Redis Sentinel State Incosistency - Nineya|java/go/python

Redis version: 4.0.1

We are running 1 master with 1 slave and 4 sentinels on Kubernetes.

Out problem is that sometimes one of the sentinels randomly starts thinking that Redis instance is down even though it is now - it is fully responsive and other sentinels are still seeing it and able to perform failover.

The output from sentinels who considers machine down contains same IP/PORT combination as output from sentinel which is up. A machine which appears down is connectable from the pod/node where the affected sentinel is. Starting new sentinel with the original configuration on the same pod/node works correctly.

Example output from affecting sentinel:

1)  1) "name"
    2) "10.4.20.88:16379"
    3) "ip"
    4) "10.4.20.88"
    5) "port"
    6) "16379"
    7) "runid"
    8) "8d284ec83d737a6455a3d2b4dd3ab22ab8c88462"
    9) "flags"
   10) "slave"
   11) "link-pending-commands"
   12) "192"
   13) "link-refcount"
   14) "1"
   15) "last-ping-sent"
   16) "0"
   17) "last-ok-ping-reply"
   18) "69416299"
   19) "last-ping-reply"
   20) "69416299"
   21) "down-after-milliseconds"
   22) "3000"
   23) "info-refresh"
   24) "66714517"
   25) "role-reported"
   26) "slave"
   27) "role-reported-time"
   28) "70330640"
   29) "master-link-down-time"
   30) "1505763519000"
   31) "master-link-status"
   32) "err"
   33) "master-host"
   34) "10.4.19.63"
   35) "master-port"
   36) "16379"
   37) "slave-priority"
   38) "100"
   39) "slave-repl-offset"
   40) "1"

The output from the another sentinel for the same cluster:

1)  1) "name"
    2) "10.4.20.88:16379"
    3) "ip"
    4) "10.4.20.88"
    5) "port"
    6) "16379"
    7) "runid"
    8) "8d284ec83d737a6455a3d2b4dd3ab22ab8c88462"
    9) "flags"
   10) "slave"
   11) "link-pending-commands"
   12) "0"
   13) "link-refcount"
   14) "1"
   15) "last-ping-sent"
   16) "0"
   17) "last-ok-ping-reply"
   18) "626"
   19) "last-ping-reply"
   20) "626"
   21) "down-after-milliseconds"
   22) "3000"
   23) "info-refresh"
   24) "1393"
   25) "role-reported"
   26) "slave"
   27) "role-reported-time"
   28) "70353077"
   29) "master-link-down-time"
   30) "0"
   31) "master-link-status"
   32) "ok"
   33) "master-host"
   34) "10.4.19.63"
   35) "master-port"
   36) "16379"
   37) "slave-priority"
   38) "100"
   39) "slave-repl-offset"
   40) "3544531620430"

As you can see both slave IP and master IP match on both sentinels.

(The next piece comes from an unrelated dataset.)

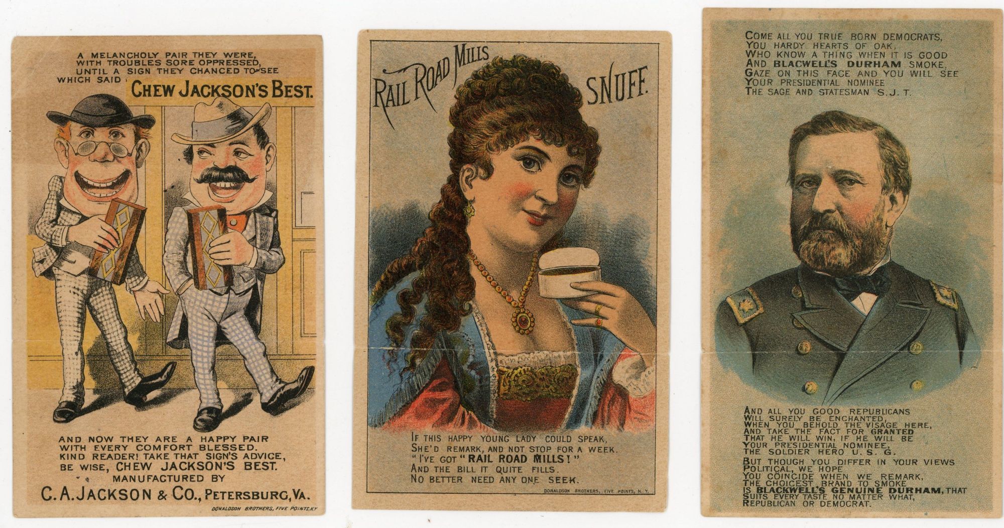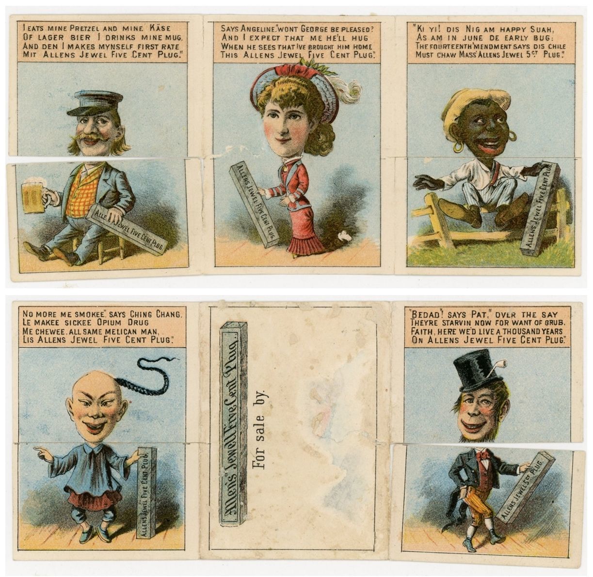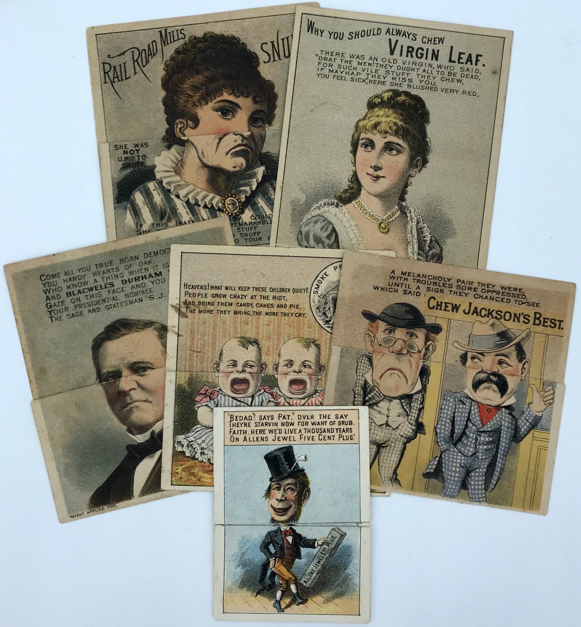 United States, 1880. Very good to fine; some light browning. One small rip to the Allen's Jewel card. Traces of adhesive or erased inscriptions to some of the cards.. A grouping of seven (7) metamorphic cards advertising tobacco produced by: Allen's; Blackwell's; D.H. McAlpin & Co.; Jackson's Best; Rail Road Mills; and A.S. Rosenbaum & Co. The advertising gimmick of metamorphic cards was an effective and common one for tobacco products in the late nineteenth century. Each is chromolithographed and measures approx. 3.75" by 3.25". The grouping includes several that reveal a beautiful young woman underneath an old maid, as well as one that reveals Ulysses S. Grant under the democratic Presidential candidate Samuel J. Tilden (who would go on to lose to Hayes in 1876). Another gradually reveals no less than five different stereotypical characters as it transforms, each of which enjoy Allens Jewel tobacco.

Sentinel log does not contain any relevant information. The only solution I was able to find is restarting sentinel which is not really even a solution.

There is no pattern, this happens completely randomly and only one sentinel is affected at a time. Generally, this doesn't cause any issues but if we wait long enough 2-3 sentinels are affected which causes random failovers.

Any idea what could be the problem or any pointers on how to debug it?

My guess would be that issue is somehow related to containerized environment and sentinel is somehow caching connection in a way it thinks it's down even though it isn't and it is not retrying to reconnect.